Two: What do I need to forgive my parents for? No parents are perfect and their understanding of parenting is a factor of their generation, their spiritual place and their situation in life. I am the first to admit that my kids, Jon and Chip will need to forgive me for parenting mistakes, perhaps that I am not even aware of. Our own parenting skills are a mix of what we saw that we appreciated and what we experienced that was painful. At some point we need to forgive our parents for the painful just as our children will need to forgive us for the same. Ironically we are best suited to raise kids when our grand kids come along.


Forgiveness for the failing of our parents is critical to our own freedom and reflects our own humble evaluation of our own parenting. All of us are in need of God's grace and the grace of others. No parents did it all right. The sooner we forgive, the sooner we are able to deal with the scars we gained early in life.


Three: How do we see God's hand in our personal history? Our upbringing is a mixture of good and bad, happy and sad, levels of family dysfunction and for some, very deep wounds. However, it is an amazing thing to consider how God got us from there to here? How we can see His invisible hand in our personal history to mold us into who we have become and how he presently uses us. Only God has the ability to use both the good and bad of our past and redeem it for His perfect purposes in our present. Only He can change our human scars into divine scars usable by Him.

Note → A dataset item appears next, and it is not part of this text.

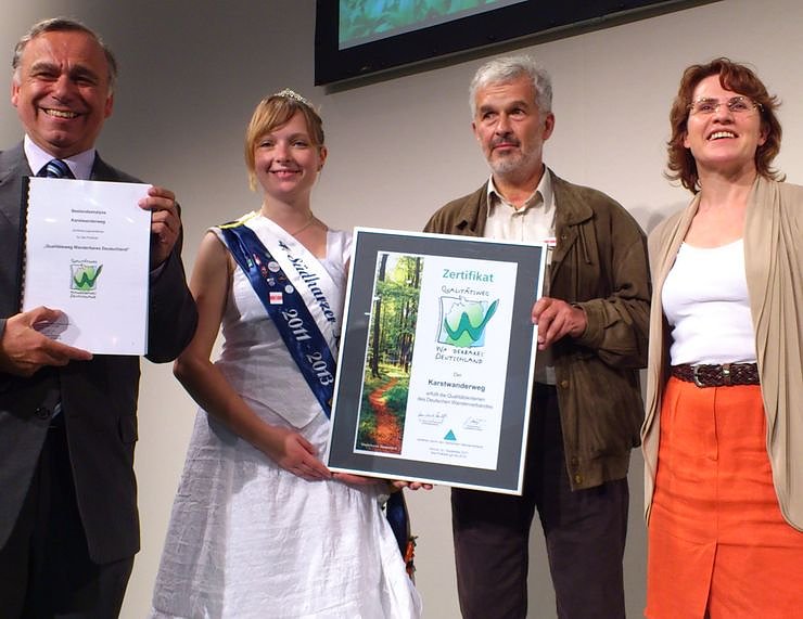 Wanderer orientieren sich an diesem begehrten Zertifikat, belegt es doch mit den strengen Prüfkriterien die hohe Qualität eines Weges. Für Wanderregionen in ganz Deutschland sind zertifizierte Wege ein willkommenes Marketinginstrument und zugleich aber auch Verpflichtung. Was es bedeutet, den länderübergreifenden Karstwanderweg zum Zertifizierungsverfahren anzumelden, das wissen die Mitglieder der federführenden Fördervereine am Karstwanderweg ganz genau.

Ultimately we are not who we are primarily because of our parents but because of the faithfulness of God through our history. Think deeply how God has been present in your history, in your childhood, in all of the events of your life, bringing you to your present place and you will be encouraged. Whether we have much to be thankful for in our upbringing or the need to forgive much that was painful and hurting, the one constant is always the presence of a loving father who brings us to where we are today, redeeming the pain and using all of who we are to impact our world today. Whatever our experiences, God was there in their midst and the proof of that is where He has you today.


I am a far more humble parent than I was when my first son was born. I realize more clearly than ever my own brokenness and that realization helps me forgive the hurts from my own childhood. I hope my children do better than me but know that they deal with their own brokenness and in the end it is the grace and love of Jesus that makes the difference for all of us.